CoTracker: It is Better to Track Together

Nikita Karaev,Ignacio Rocco,Benjamin Graham,Natalia Neverova,Andrea Vedaldi,Christian Rupprecht
2024-10-01
Abstract:We introduce CoTracker, a transformer-based model that tracks a large number of 2D points in long video sequences. Differently from most existing approaches that track points independently, CoTracker tracks them jointly, accounting for their dependencies. We show that joint tracking significantly improves tracking accuracy and robustness, and allows CoTracker to track occluded points and points outside of the camera view. We also introduce several innovations for this class of trackers, including using token proxies that significantly improve memory efficiency and allow CoTracker to track 70k points jointly and simultaneously at inference on a single GPU. CoTracker is an online algorithm that operates causally on short windows. However, it is trained utilizing unrolled windows as a recurrent network, maintaining tracks for long periods of time even when points are occluded or leave the field of view. Quantitatively, CoTracker substantially outperforms prior trackers on standard point-tracking benchmarks.

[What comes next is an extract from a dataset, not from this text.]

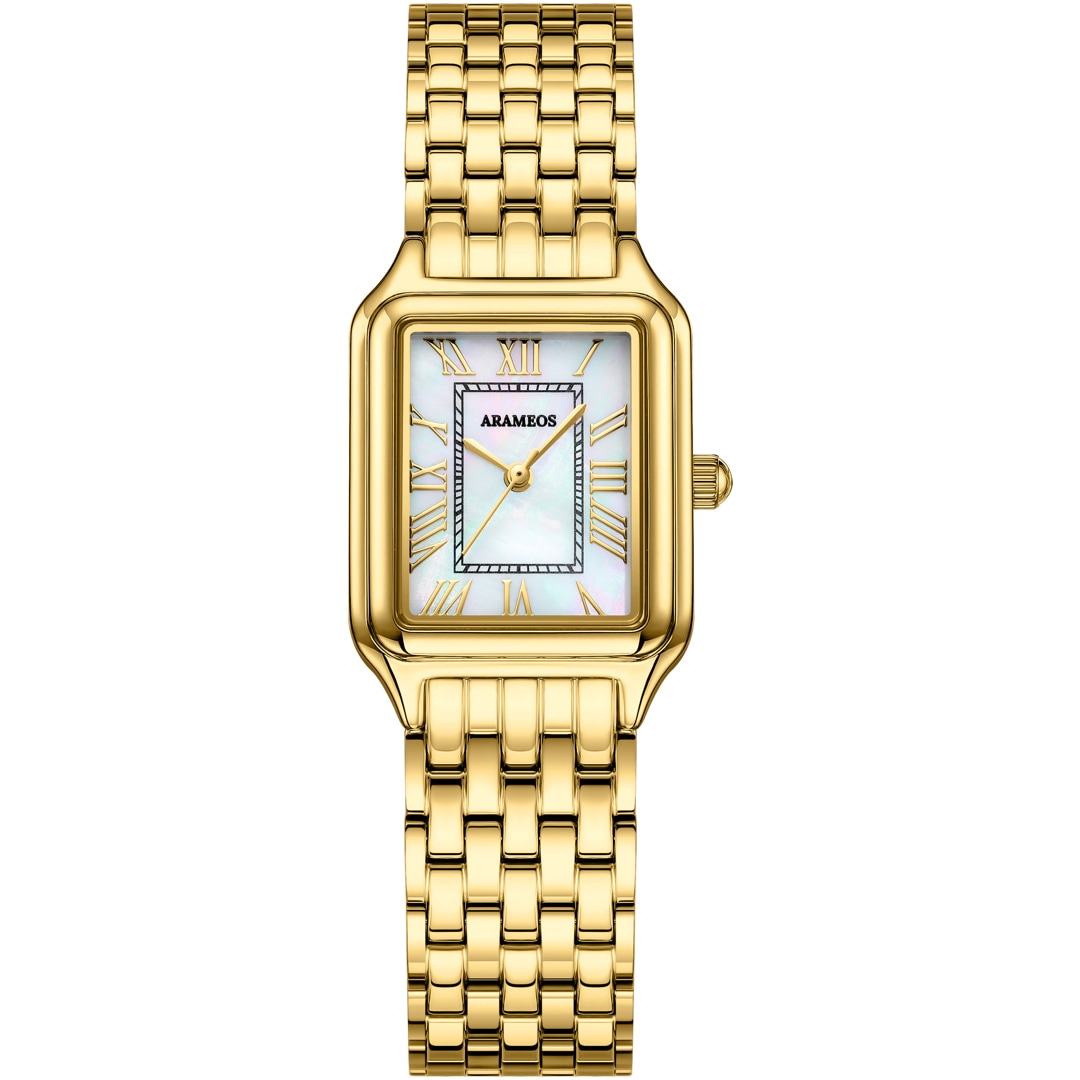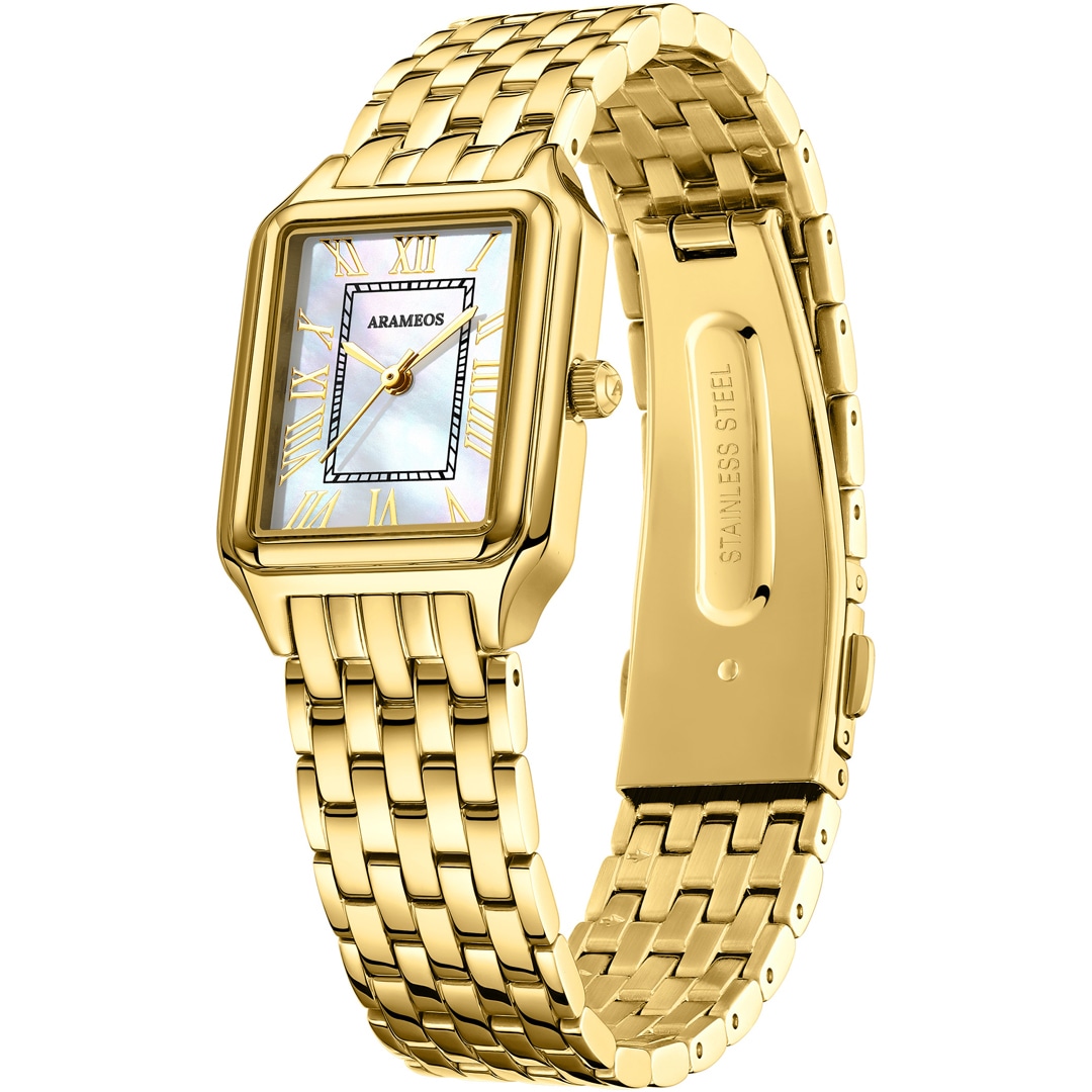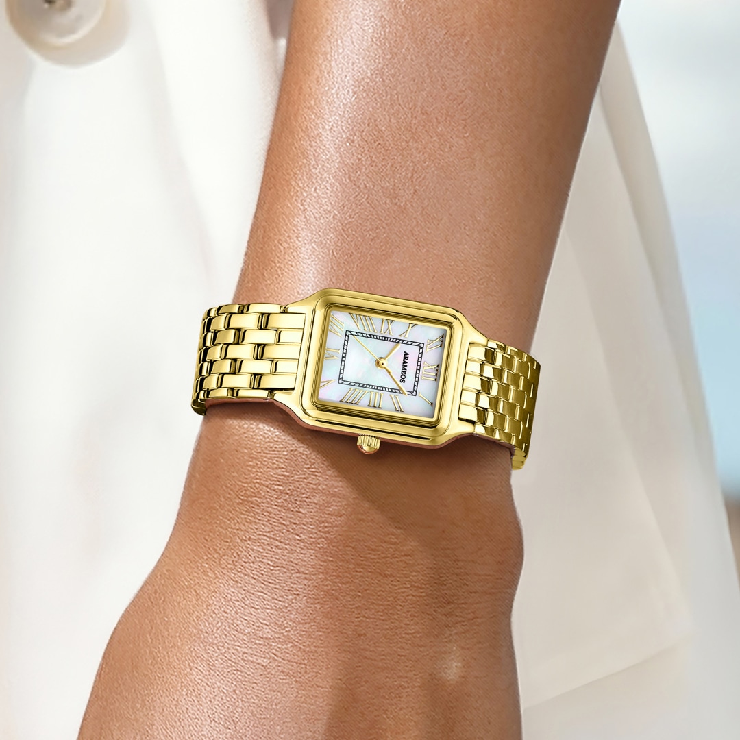 Das eckige Edelstahlgehäuse sowie das massive Edelstahlarmband sind mit einer edlen IP-Vergoldung veredelt, die der Uhr eine warme, luxuriöse Ausstrahlung verleiht. Dank der massiven Bauweise des Armbands fühlt sich der Zeitmesser wunderbar wertig am Handgelenk an. Ob als glanzvoller Akzent zum Abendoutfit oder als tägliches Lieblingsstück – die Luna Chic ist ein Schmuckstück, das die Zeit nicht nur misst, sondern sie verschönert.

Computer Vision and Pattern Recognition
What problem does this paper attempt to address?
The problem that this paper attempts to solve is to accurately track a large number of 2D points in long - video sequences, especially in the presence of occlusion or when points leave the camera's field of view. Most existing point - tracking methods track each point independently, while this paper proposes a new method - CoTracker, which can jointly track a large number of points and utilize the dependencies between points to improve the accuracy and robustness of tracking. Specifically, CoTracker solves this problem through the following innovations: 1. **Joint Tracking**: Unlike most existing methods, CoTracker does not track each point independently but jointly considers the dependencies between points, which significantly improves the accuracy and robustness of tracking, especially when points are occluded or leave the camera's field of view. 2. **Support Points**: Additional support points are introduced to provide more context information. These support points expand the context of the tracker, similar to the use of context in visual object tracking. 3. **Proxy Tokens**: To reduce the memory complexity of the model, CoTracker introduces the concept of proxy tokens. These tokens are processed like a small number of additional trajectories during processing, thus converting the expensive self - attention mechanism into an efficient cross - attention mechanism, enabling CoTracker to jointly track nearly - dense trajectories on a single GPU simultaneously. 4. **Recursive Training Strategy**: CoTracker operates online in a sliding - window manner and optimizes the recursively applied network through an unrolled training strategy to maintain long - term tracking performance, even when points are occluded or leave the field of view for a long time. Through these innovations, CoTracker significantly outperforms previous trackers in standard point - tracking benchmark tests, especially in long - term tracking and occlusion handling.